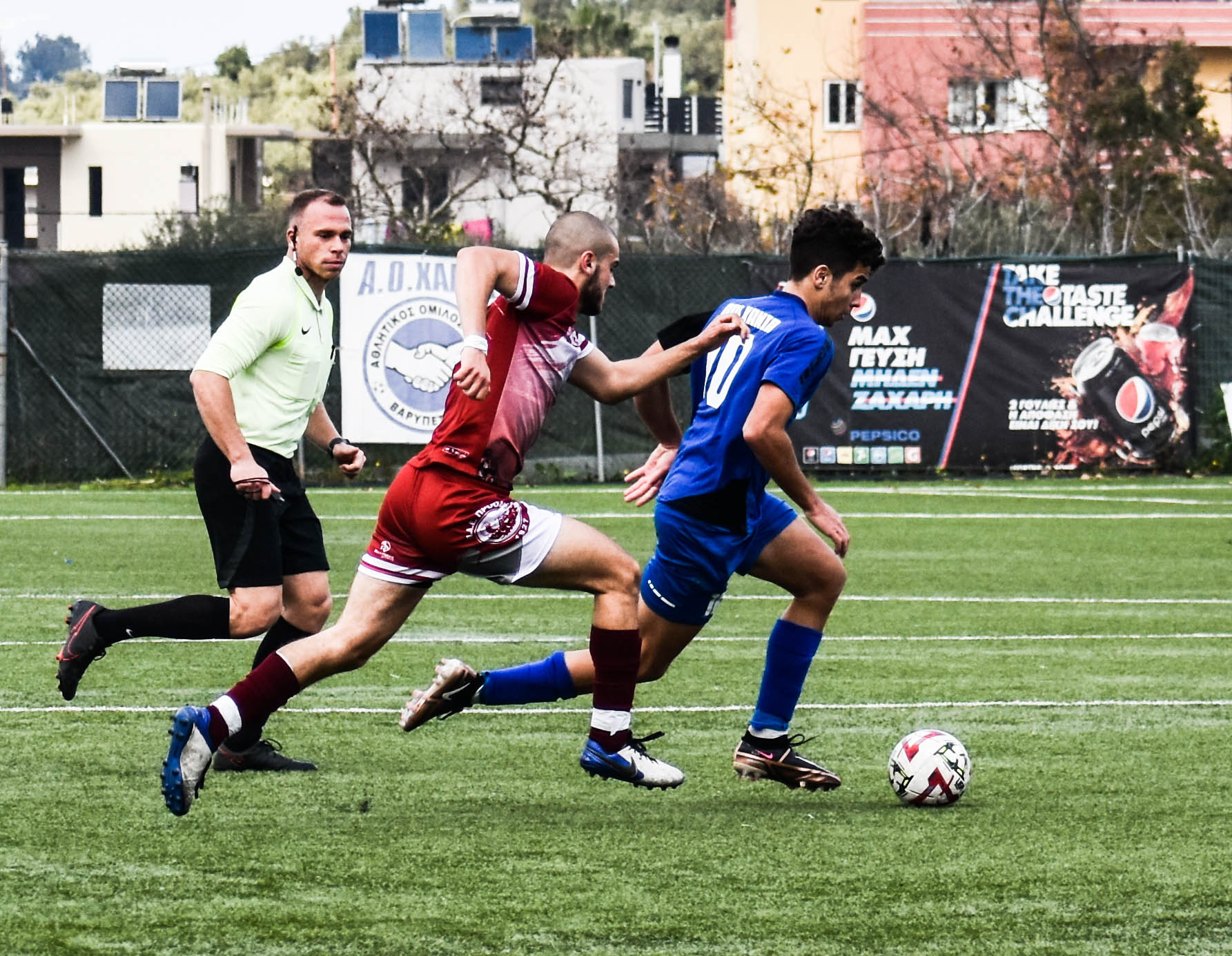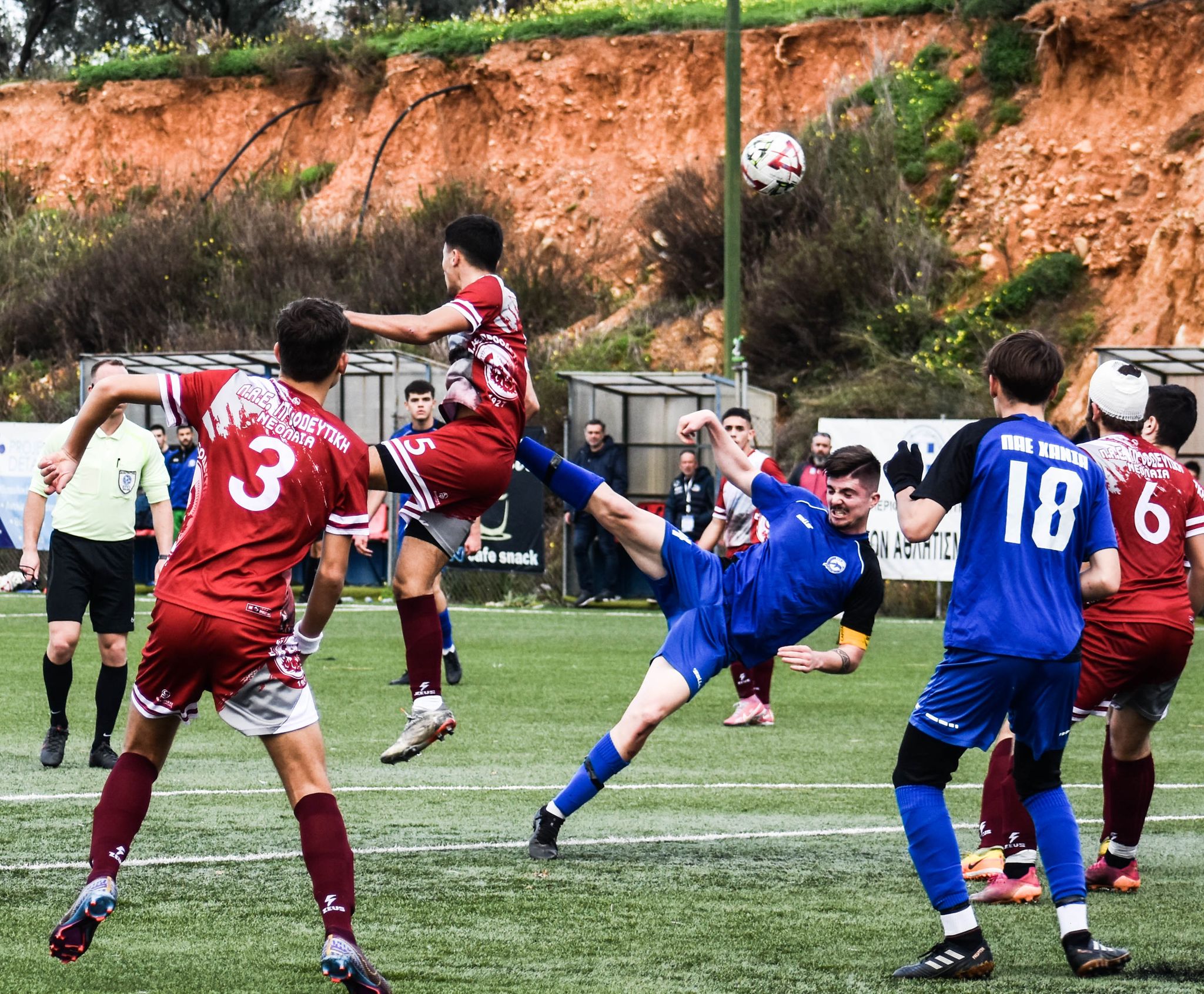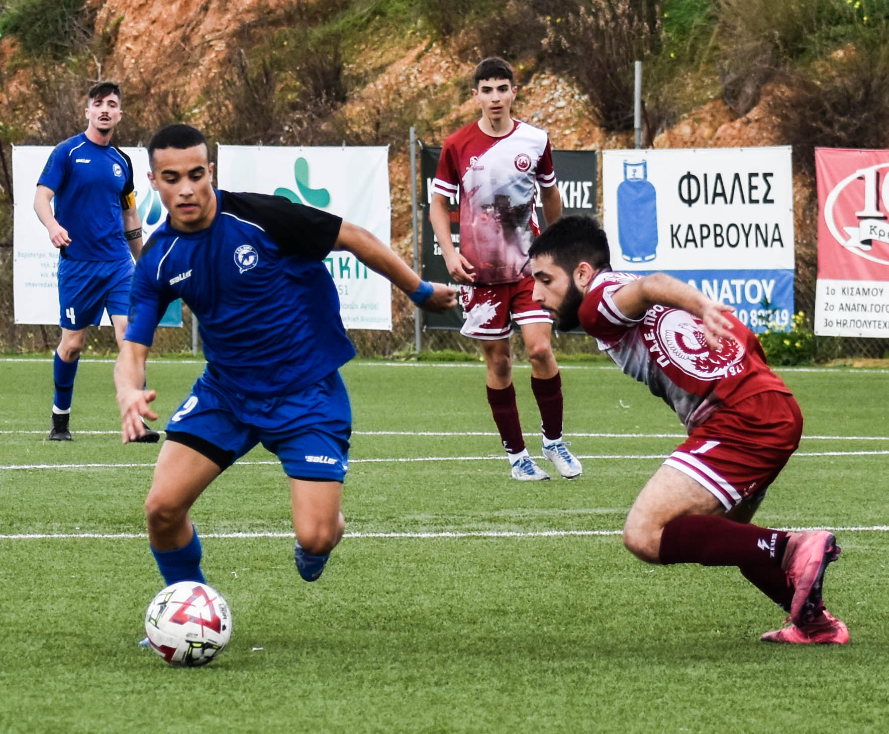 Τα Χανιά αντέδρασαν και κατάφεραν να ισοφαρίσουν στο 33ο λεπτό έπειτα από ωραία ομαδική προσπάθεια η μπάλα κατέληξε στον Χαλίλι που από κοντά έκανε το 1-1 για την Κ19 των Χανίων.
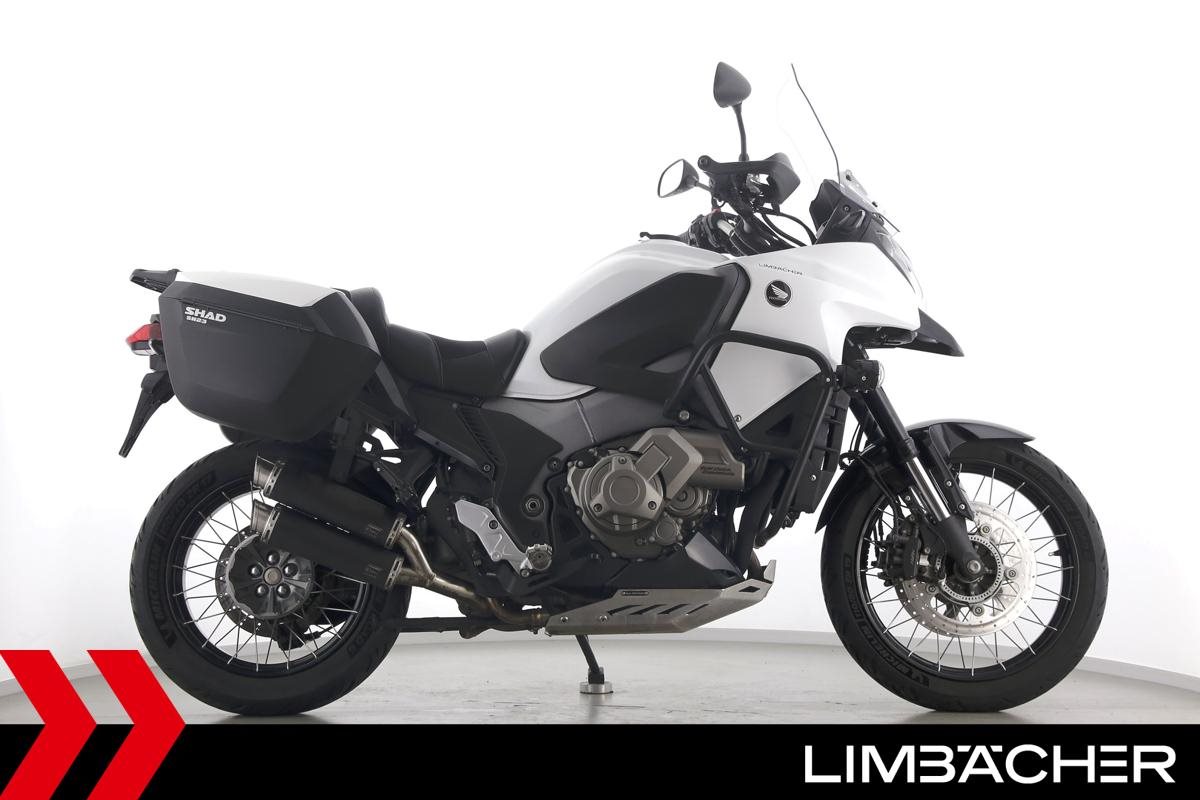 Eine scheckheftgepflegte Honda VFR 1200 X Crosstourer DCT in gepflegtem Zustand u.a. mit Bodis Doppel-Endschalldämpfer sowie Shad-Koffersystem.
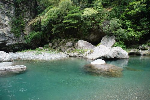 Le deuxième endroit où j’ai pu m’émerveiller du bleu de la rivière Niyodo est la vallée de Yodo (安居渓谷). L’endroit est magnifique, et l’on peut y sentir la puissance de la nature.
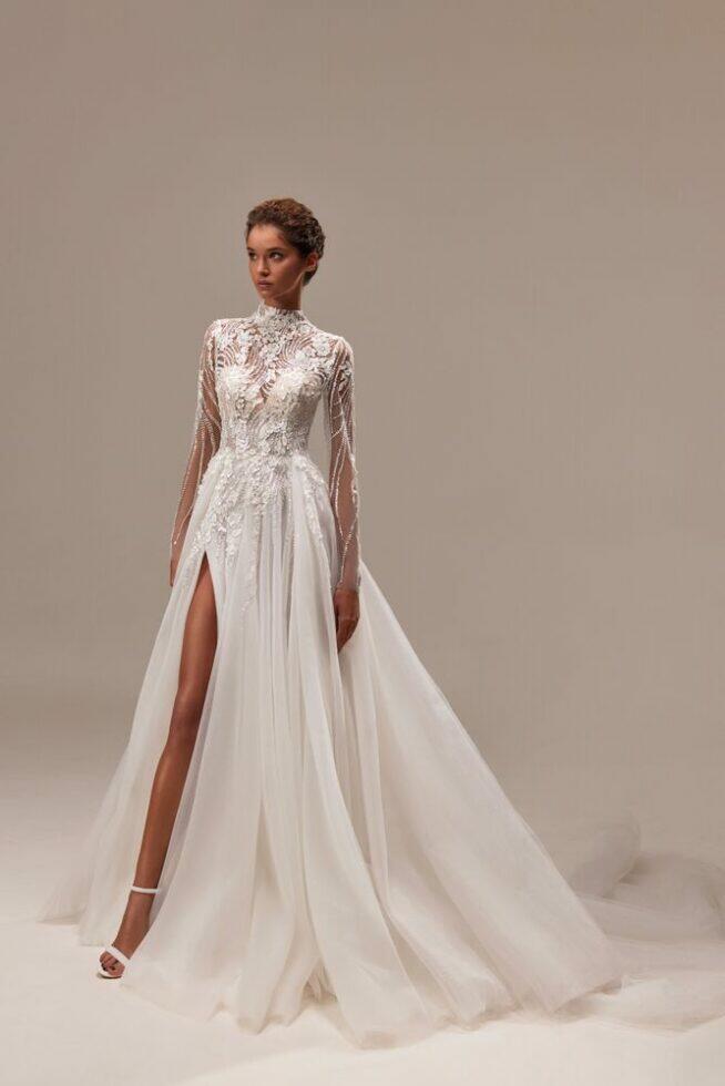 Cassidy is een opvallend ensemble met lange mouwen en een versierd semi-transparant lijfje. Met versierd met kant en pailletten ornament col lijfje met lange mouwen, een geknoopte rug en een prinsessen pofmouw van tule met een lange sleep en een gedurfde split.
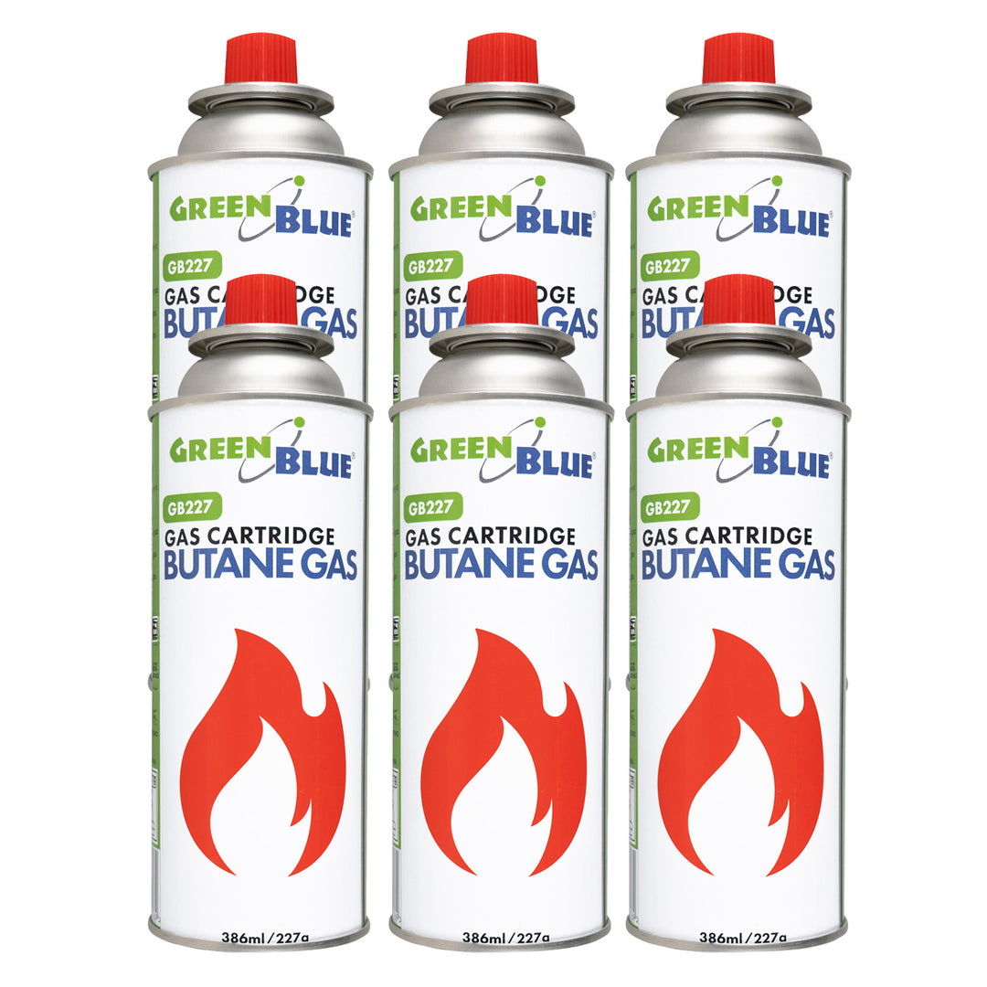 6x plynová náplň 227 g GreenBlue. Certifikát: Pi 0875, v souladu s normou EN 417, butan, provozní teplota -10 °C až +40 °C, GB227

------------------------------------

# Exercise:
Each line from the one that holds "Le deuxième endroit" through the final line of the data must be retyped exactly; the pictures must not appear.

# Written answer:
 Le deuxième endroit où j’ai pu m’émerveiller du bleu de la rivière Niyodo est la vallée de Yodo (安居渓谷). L’endroit est magnifique, et l’on peut y sentir la puissance de la nature.
 Cassidy is een opvallend ensemble met lange mouwen en een versierd semi-transparant lijfje. Met versierd met kant en pailletten ornament col lijfje met lange mouwen, een geknoopte rug en een prinsessen pofmouw van tule met een lange sleep en een gedurfde split.
 6x plynová náplň 227 g GreenBlue. Certifikát: Pi 0875, v souladu s normou EN 417, butan, provozní teplota -10 °C až +40 °C, GB227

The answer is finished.